* RECORDED DATA:
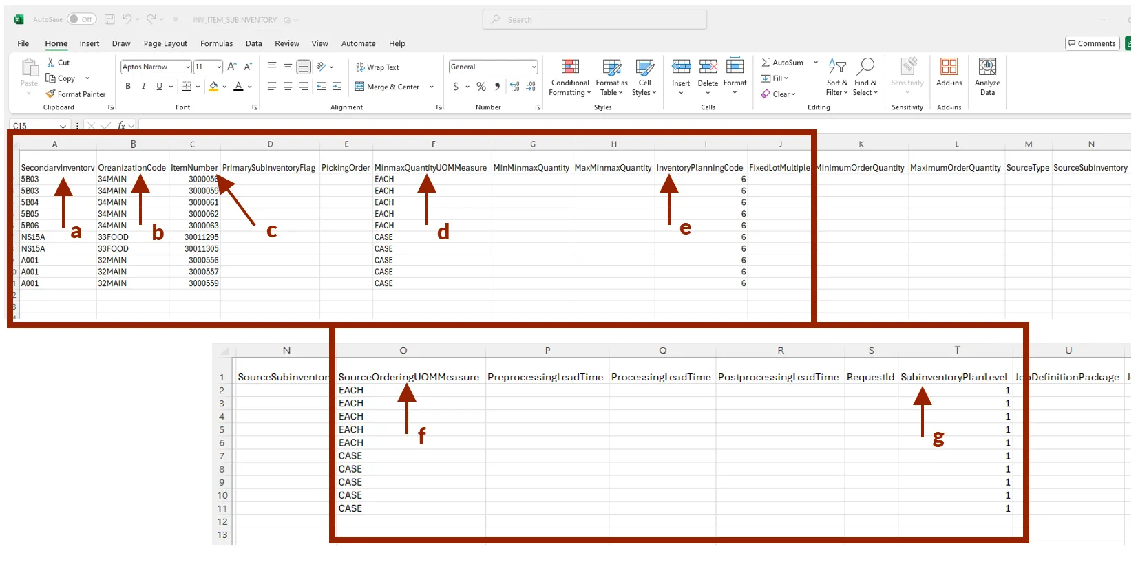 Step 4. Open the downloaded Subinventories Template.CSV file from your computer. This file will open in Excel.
---
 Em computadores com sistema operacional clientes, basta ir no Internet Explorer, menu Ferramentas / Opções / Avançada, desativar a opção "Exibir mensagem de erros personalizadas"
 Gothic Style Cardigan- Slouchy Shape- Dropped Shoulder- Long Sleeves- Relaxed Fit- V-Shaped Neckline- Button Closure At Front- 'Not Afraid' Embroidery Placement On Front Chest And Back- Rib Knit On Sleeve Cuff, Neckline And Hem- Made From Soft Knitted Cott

* WHAT THIS TASK INVOLVES: Every line from the line containing "Em computadores com" through the line containing "Gothic Style Cardigan- Slouchy" in the records above must be retyped exactly. Leave out the rest.

* EXERCISE RESULT:
 Em computadores com sistema operacional clientes, basta ir no Internet Explorer, menu Ferramentas / Opções / Avançada, desativar a opção "Exibir mensagem de erros personalizadas"
 Gothic Style Cardigan- Slouchy Shape- Dropped Shoulder- Long Sleeves- Relaxed Fit- V-Shaped Neckline- Button Closure At Front- 'Not Afraid' Embroidery Placement On Front Chest And Back- Rib Knit On Sleeve Cuff, Neckline And Hem- Made From Soft Knitted Cott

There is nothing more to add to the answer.